Baby Friendly- getting a tad over the top

Specialties Ob/Gyn

Published

My hospital is working toward becoming baby friendly. This entails that we promote rooming-in and breastfeeding, which I have no problem at all with- what I do have a problem with is how we are being presented with it- and how we must now interact with our patients. Our patients come from a very diverse spectrum of cultures who are set in their ways and I guess I don't really feel it's my place to be like "well welcome to America- this is how we do it, too bad so sad."

We have been ordered to move all formula, nipples and pacifiers to the back room of the nursery (which has also undergone a name change to make it less accessible and friendly sounding) so that NOBODY sees it, patients or family. We don't want them to think we promote formula or artificial nipples. We are instructed now to council every mother who has chosen to formula feed, or do breast/bottle combo on the "dangers of feeding formula to your baby". Yes, these very words were uttered and in writing. There's serious talk of making the mother sign an informed consent before giving the baby any formula- acknowledging that she is aware that she is causing harm to her baby by giving him/her formula, and that they understand that breast milk is superior to formula.

We must extensively chart WHY mom is choosing formula. We have to now keep all the shades in the nursery down so that people don't look in, and THINK it's a nursery and again to make it an in-accessible place.

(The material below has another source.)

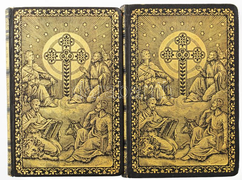 Újszövetségi Szentírás 1-2. köt. A Vulgata szerint Káldi György S. J. fordítása nyomán, tekintettel az eredeti szövegre, átdolgozta, bevezetésekkel és jegyzetekkel ellátta a Szent István-Társulat Szentírás-Bizottsága. Bp.,(1927-1928.),Szent István-Társulat. A borítón Akantisz Viktor festőművész bibliai tárgyú képével. Kiadói dúsan aranyozott, illusztrált egészvászon-kötés, kissé kopott, kissé foltos borítóval, de alapvetően jó állapotban.

This really seems out of hand to me. I love where I work, I love the field but boy, we are in for some troubles when a mom from another culture other than white-upper class wants to put their baby in the nursery so they can sleep, or can go for a walk, or wants to formula feed and then gets a 20 minute lecture implying that they're a bad mom for choosing this method. Is this true of any other hospitals out there that are baby friendly or are in the process? I feel like they're trying to brainwash us, or like it's becoming a cult-like atmosphere!

Specializes in Pediatrics, High-Risk L&D, Antepartum, L.
then, when mom says no, get over it. and maybe your interpretation of "baby friendly" is not what some hospitals are instituting...

And according to BFI...informed consent and move on. Nowhere does it say informed consent and harass. People can't blame BFI for poor hospital policies or behaviors.

At the same time....having a baby does not make one ill in most cases. One might argue that learning to care for your baby is important and nightly use of the nursery...not ideal. Moms go home shocked at what a real night is like. People expect a nursery...yet for what reason? Because that's how it was fine before? Well...move on and get over it and learn to care for you new life changing responsibility.

Specializes in OB-Gyn/Primary Care/Ambulatory Leadership.

Let's not throw the baby out with the bath water. Just because some hospitals are implementing it poorly does not mean BFI is a flawed idea that should be abandoned.

And then there's this; hot off the presses. I'm always one to be fair and try to evaluate all the evidence. Let's add this to the mix. . .

Breast-feeding benefits appear to be overstated, according to study of siblings -- ScienceDaily

So....one response about this and that's it? It was poorly designed...but also the first look at sibling groups as an attempt to control for the many, many confounding factors that plague other studies on breastfeeding? Does anyone have a more in depth critique? Is it inconvenient information or does it open up possibilities for future study combining the best designs from multiple studies?

And because it seems a requirement of the thread, my daughter was born with a soft palate cleft and I pumped exclusively for her for 9 months and currently pump and supplement so she'll have had 12 months of breast milk by the time we switch to cows milk. And I had my daughter in a freestanding birth center, so I hopefully have proper crunchy credentials to be taken seriously :-P

As a mother of 3, and I never breastfed, I never had anyone try to push breast feeding on me. And if they did, I would let them know from the giddy - up. I don't want to breast feed and if you don't want me to use YOUR formula, let me know, I can easily have my husband buy me some. That is so wrong to be OVER THE TOP and pushing this on patients. I don't like that at all. Sorry you are experiencing that.

Specializes in Pediatrics, High-Risk L&D, Antepartum, L.
As a mother of 3, and I never breastfed, I never had anyone try to push breast feeding on me. And if they did, I would let them know from the giddy - up. I don't want to breast feed and if you don't want me to use YOUR formula, let me know, I can easily have my husband buy me some. That is so wrong to be OVER THE TOP and pushing this on patients. I don't like that at all. Sorry you are experiencing that.

So at some point in your nursing education you will learn about informed consent...then you might understand what is being talked about. This isn't about your right to make a choice...it is about ensuring informed consent.